I do like La Dispute, they do have a lot of emotion and that's what I'm headed for. I like their lyrics and I've been getting inspired from bands like them and Brand New, who I think also write amazing lyrics.

This is just a first draft, it will definitely get better

Thanks again!
#4
Song:

Verse 1:
Tired of the smiles to mask
And the pain that I feel (How about “All” instead of “And&rdquo
With the sound of their name
But I know for sure that I'm stronger than this

It seems the longer that I hold this off
The more easier it is for my sanity to dissolve
Let go
But I know it's already been gone

Pre-Chorus:
Do you know what it's like to feel betrayed?
(Do you know what it's like to feel this way?)
Do you know what it's like to see your face?

Chorus:
I turn my back for just one second
And it all blows up
And the worst part is it's not the first time you've ****ed up

I turn my back for just one second
And there it goes
And I'm trying to recover from your previous blow but no (but know)
You try to rip out my heart, yet you've already scarred it once
(how about “You try to rip out my heart and reclaim the scars you made)

Verse 2:
My life is an open book
Full of stories of faith and the love that you took
But know
I just need time to let this go

My mind is a pillar to hold (how about “My mind is a keg that holds&rdquo
All my thoughts of this
And it's about to implode
Oh noooo
All the sleep that I've lost can't be brought back now

*Pre-Chorus*

*Chorus*

Breakdown (not screamed):
My trust does not come easy x4

Breakdown (addressed to the guy, screamed):
Don't try to take what's mine
You've had your chance and lost last time
But then you try to force it back
I will foil your ideas and your plan of attack (how about “With your useless ideas as some plan of attack&rdquo
The worst part is we could've been friends
But now all I can think is of seeing you dead
I forgive as I feel any person should
But know that my respect you will never deserve

*chorus*


Hey, I finally got here to read this and tell you what I think.
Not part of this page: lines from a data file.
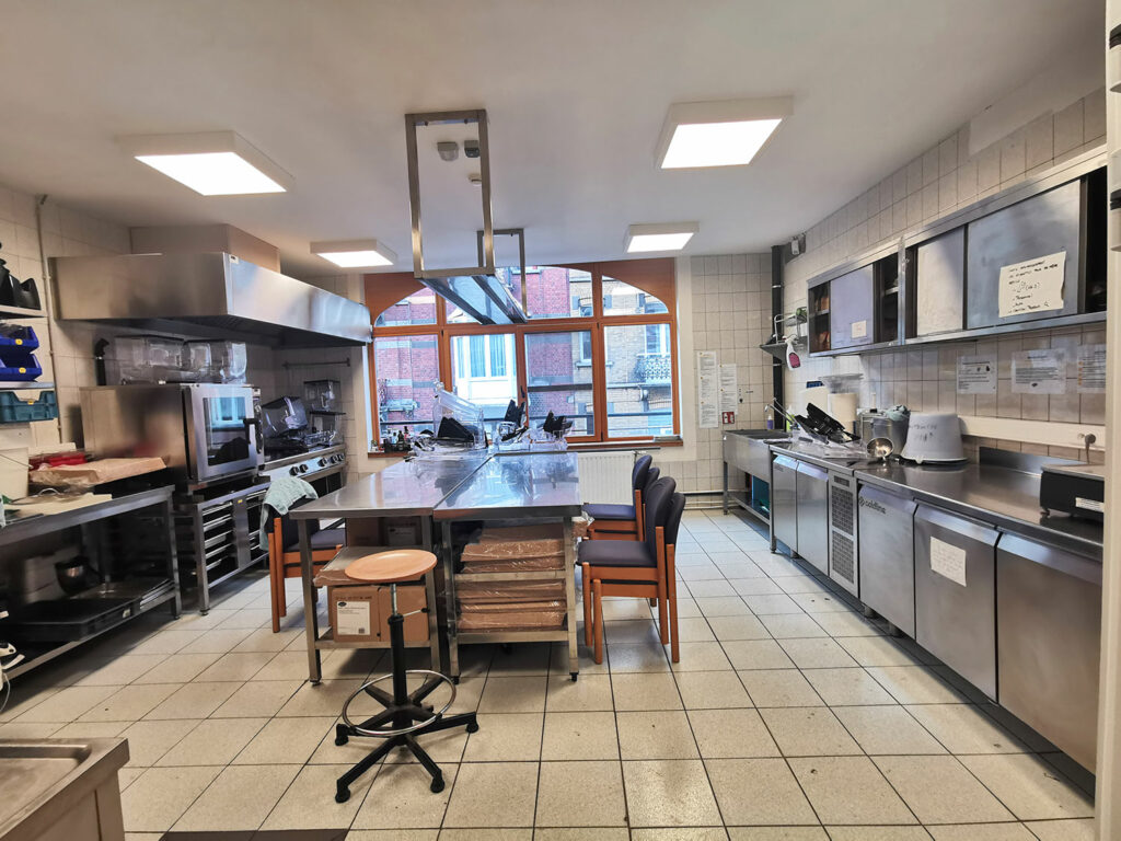 Im ersten Stock gibt es auch eine Gastroküche: Für die Gemeinschaft, für die Nachbarschaft, um beispielsweise Kochkurse für gutes Essen anzubieten. Und vielleicht auch um die nicht verkaufte Ware selbst zu verwerten. Für die vorhandene Gastroküche im ersten Stock gibt es viele Pläne, aber noch keine Zeit diese umzusetzen – in den letzten Jahren waren sie einfach damit beschäftigt den Supermarkt ins Laufen zu bringen.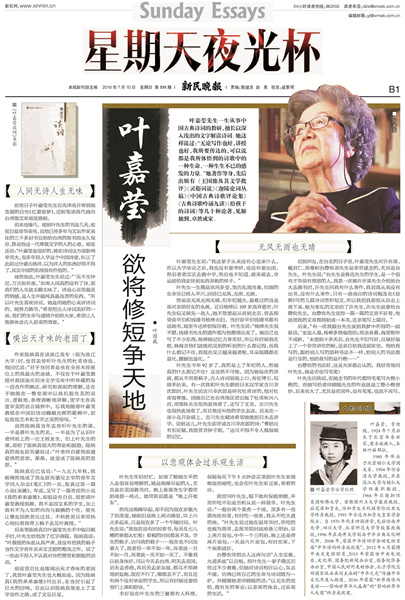叶嘉莹的名字曾数次出现在本报。2016年7月10日的“星期天夜光杯”封面刊登整版由学者叶国威撰写的《叶嘉莹 欲将修短争天地》一文,向本报读者娓娓道来与叶嘉莹交往的细节,令人动容。2017年,4月16日,闫晓铮的《重回视野的“朗读者”:叶嘉莹》一文写了央视《朗读者》栏目的嘉宾叶嘉莹。(新民晚报记者 徐翌晟)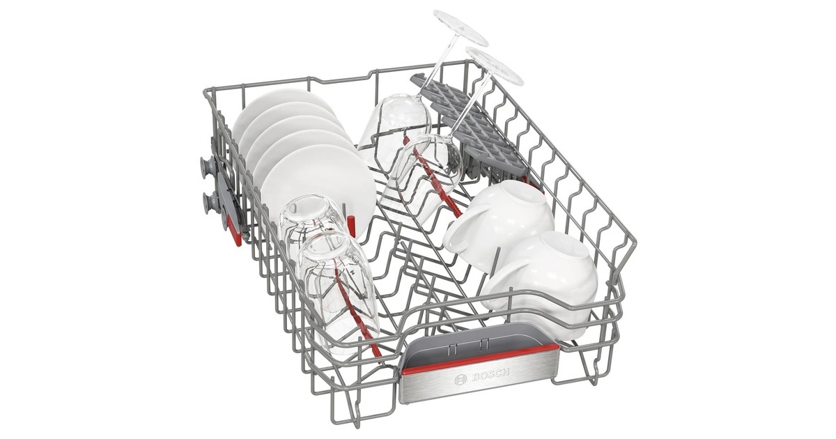 Komfortrollen, Korbstopper, 4x Umklappbare Stachelreihen, Tassenablage (2-teilig), Gläseranlagebügel |

After reading this I feel like “let’s go get in the car and mess that mofo up!” He can’t be messing your girl like this!

I sung the song to myself and could picture it being slow, like modern country. I liked it and added my two cents as well.

By the way, thanks for the crit of “Depraved”. I took your advise and re-wrote some of it and added some new material if you want to check it out.

Good job and I hope to see some more.